On a visit to his father’s veterinarian clinic in Waskom, Texas, Chris Tiller watched his own young son helping out and realized it was time for another career switch.

A former professional baseball umpire who was running a small trucking company at the time, Mr. Tiller had wanted to be a veterinarian like his father when he was growing up. But that goal faded. When he graduated from high school, he pursued a career in baseball instead. He attended Panola College in Texas and was selected in the 41st round of the Major League Baseball draft by the Detroit Tigers in 1998.

Still, Mr. Tiller felt he wouldn’t be good enough to crack the majors and was starting to feel burned out playing the game. He studied computer science briefly at Texas State University but didn’t finish and got married at 21. He decided to get back into baseball and went to Florida to train as a professional umpire, a course that takes about two months.

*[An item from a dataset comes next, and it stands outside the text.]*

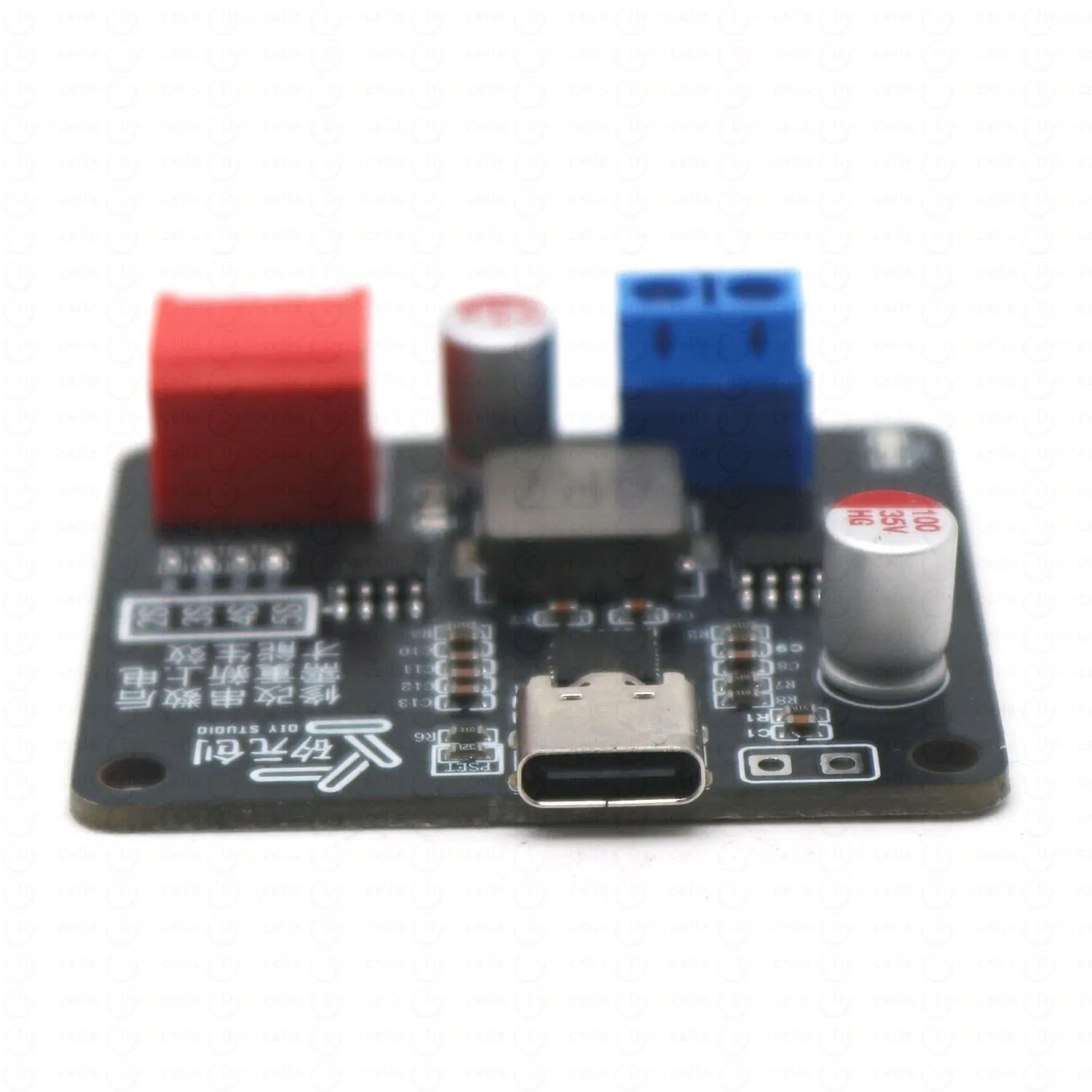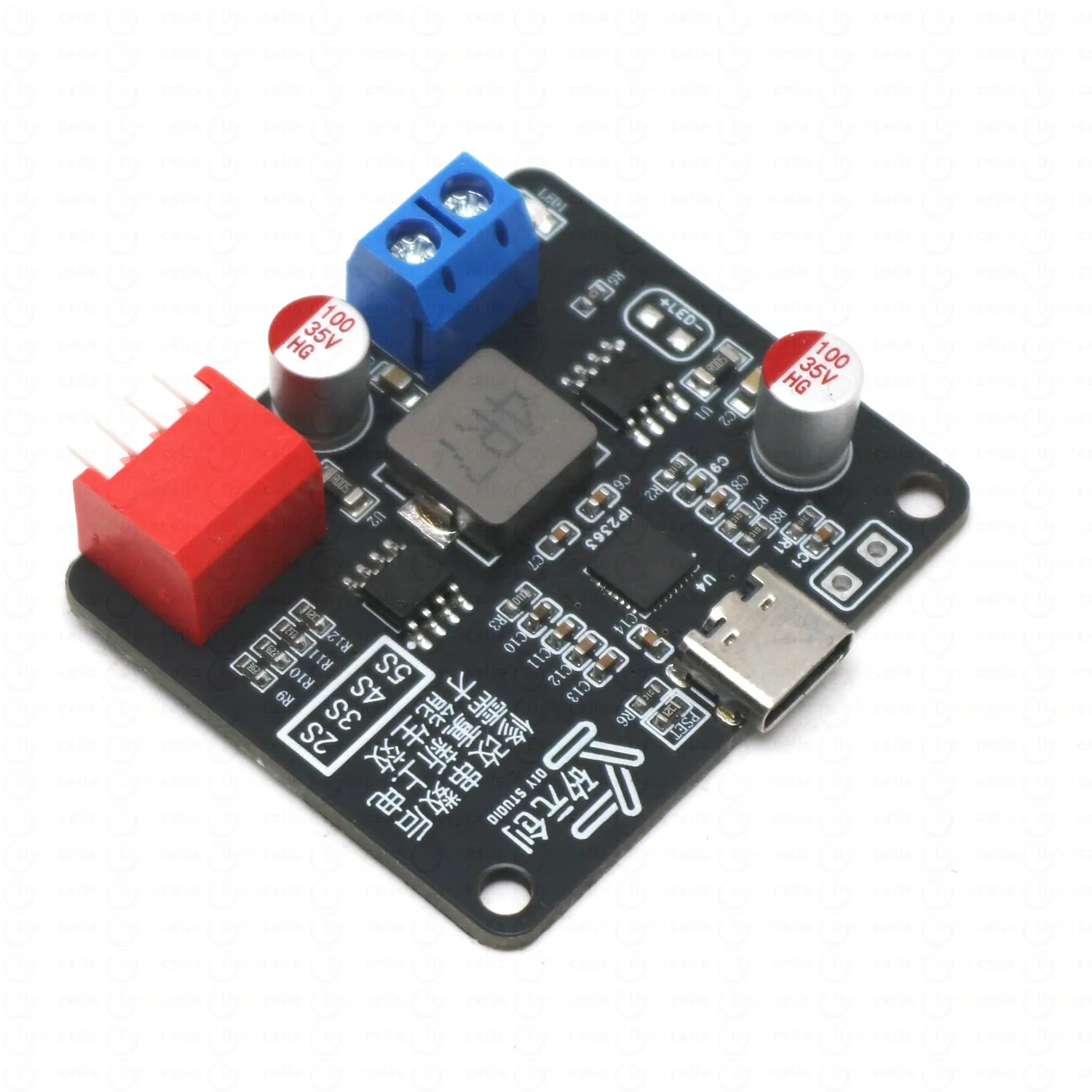 Experience seamless charging for your lithium-ion and LiFePO4 batteries with this advanced IP2363 30W auto boost/buck PD quick charge module. Designed for flexibility and efficiency, it supports input voltages from 5V to 20V, delivering up to 30W of power when powered with 20V. The compact black PCB features white labels and markings for a clean, professional look, complemented by shiny silver electrolytic capacitors and vibrant red and blue connectors that add bold color accents. Its dense layout, with surface-mount components and adjustable resistors, emphasizes precision and high-tech functionality. Whether you're upgrading your DIY project or maintaining battery systems, this module ensures reliable, fast charging with clear status indicators and adaptable output settings.
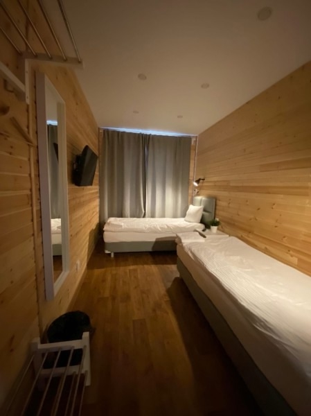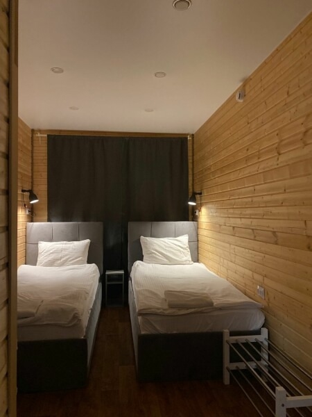 Проживание в комнатах типа «Комфорт»: двухместный номер с отдельными кроватями (можно соединить в одну большую), ортопедическими матрасами, ТВ, есть шкаф, обогреватель, шторы блэкаут. Удобства общие на этаже: туалет, душ, фен, полотенца.

Mr. Tiller umped in the minor leagues from 2000 to 2011. While he was never added to the permanent roster of major-league umpires, he also called 64 MLB games from 2008 to 2010. His most memorable was when he officiated in a 2008 exhibition game between the Los Angeles Dodgers and the Boston Red Sox at the Los Angeles Memorial Coliseum before a crowd of 115,300.

But the nonstop travel schedule of professional baseball made starting a family difficult. When he missed the birth of his second son in 2010, he decided it was time to leave the sport: “I didn’t want to be on the road the rest of my life.”